Workspaces for Dev/Test/Prod or other different environments

I have a question regarding Terraform workspaces. Lets say that you have one test, one dev and one production subscription in Azure. You want the same resources deployed to each one of these subscriptions, besides some minor details like different resource names.

On the following page:

It says the following:

" In particular, organizations commonly want to create a strong separation between multiple deployments of the same infrastructure serving different development stages (e.g. staging vs. production) or different internal teams. In this case, the backend used for each deployment often belongs to that deployment, with different credentials and access controls. Named workspaces are not a suitable isolation mechanism for this scenario."

So, the suggestions points to that you should have one separate Terraform configuration for each of the environments, with the exact same code? So if we need to update something, we need to update each of those configurations? Sounds tedious and quite counterproductive.

I’ve seen people using Terraform workspaces in Azure DevOps, in a dev/test/prod fashion. Are they doing it wrong and should they stop doing that immediately?

The following blog posts describe how you should set up your pipelines with a dev/test/prod using workspaces:

Especially the first link is quite interesting, as he at the very beginning states the following:

“The topic I have chosen is because of this post that I discovered recently: Recommended Practices. Hashicorp is recommending the use of workspaces to control different environments. Which is a change of recommendation from what I remember from February/March 2019.”

Do Hashicorp recommend using workspaces for different environments? Where does he get that from? Since the first link, from Terraform, is saying otherwise.

So what is a recommended design pattern here, if you have e.g. four different subscriptions in Azure, and want to create plan/deploy pipelines in Azure DevOps for all of these?

Is it to
Create one Terraform configuration for each one of them, take care of all of that administration and if you update one, you have to update all of them?

Create one workspace for each of them? Workspace a, b, c and d, and then just control their values via terraform.workspace interpolation?

Something completely else?

I’m thankful for all input here, since this topic confuses me. If you would recommend one option over another, please inform me as of why. What are the advantages, and why is that the best choice?

Thank you in advance!

There is no universal answer to this question, but the recommendation in the first article (on the Terraform website) is not to duplicate your entire configuration for each environment, but rather to write a separate root module for each environment, and use shared modules to represent the common details, as the subsequent paragraph says:

Instead, use one or more re-usable modules to represent the common elements, and then represent each instance as a separate configuration that instantiates those common elements in the context of a different backend. In that case, the root module of each configuration will consist only of a backend configuration and a small number of module blocks whose arguments describe any small differences between the deployments.
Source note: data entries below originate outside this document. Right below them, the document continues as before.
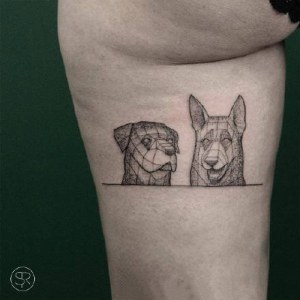 几张黑灰点刺动物几何纹身图案作品
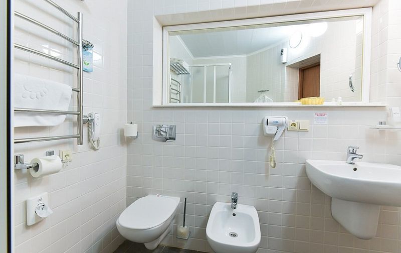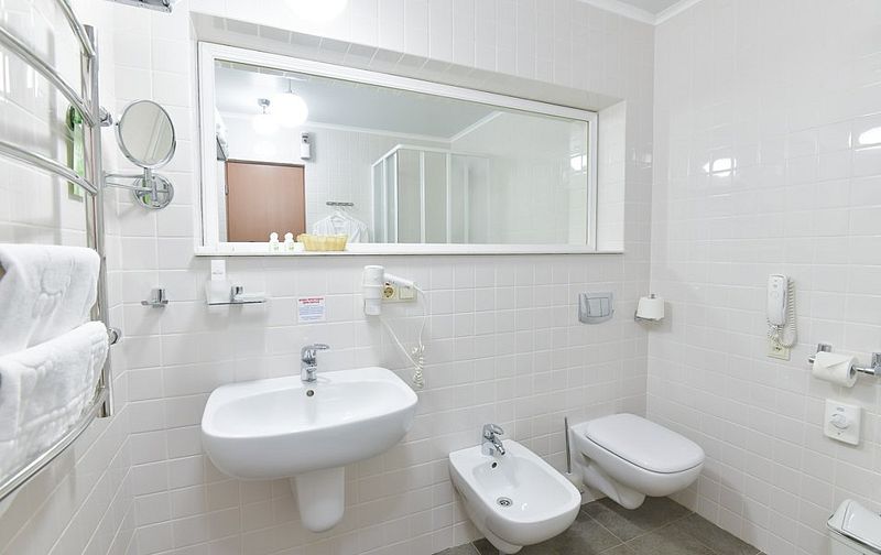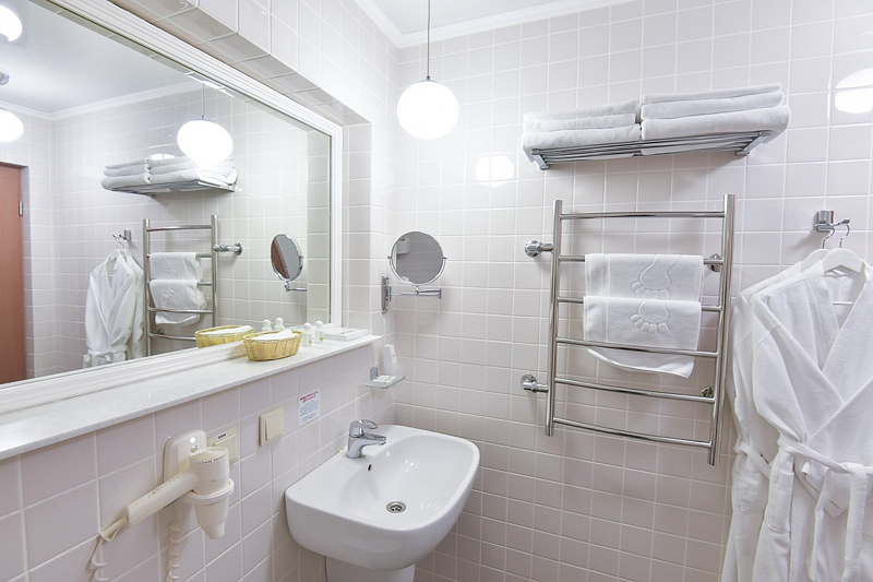 27 кв.м., одна/две кровати, стол, стулья, шкаф-купе, телевизор, холодильник, телефон, сейф, гладильная доска, утюг, санузел, душевая кабина, биде, фен.
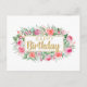 Happy Birthday Watercolor Pink Roses Postcard
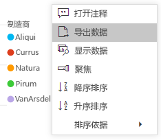 還可以選擇Power BI服務中的任意視覺對象上的省略號 >“導出數據”導出數據。導出后的數據可以保存為Microsoft Excel文件或 .CSV 文件。
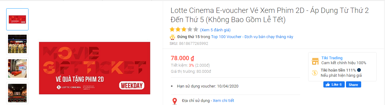 3, Voucher vé xem phim Lotte trên Tiki áp dụng từ thứ 2 đến thứ 5 (không bao gồm ngày lễ). Link mua>>

The full text of that section is describing a particular set of circumstances which is common and for which workspaces alone are a poor fit:

  • Each environment must have its own entirely separate backend configuration. Because multiple workspaces is a means to retain several distinct state snapshots in a single backend, the requirement to keep the backends distinct is in conflict with the use of workspaces.
  • The environments have significant structural differences, which are most easily expressed by Module Composition, rather than trying to write a single mega-config that represents all of the different permutations. For example, it seems pretty typical for a production environment to span across many regions while pre-production environments may use only one, or only two; we can use module composition to represent that difference by writing a shared module that represents what ought to exist in one region, and then instantiating that shared module many times in production but only once or twice in pre-production.

If those constraints don’t apply to you then you may find Terraform workspaces suitable for your problem, but unfortunately that is an engineering tradeoff you’ll need to make yourself because only you know the full set of technical, regulatory, and other constraints you’re operating under.

Thank you for your valuable input @apparentlymart, much appreciated.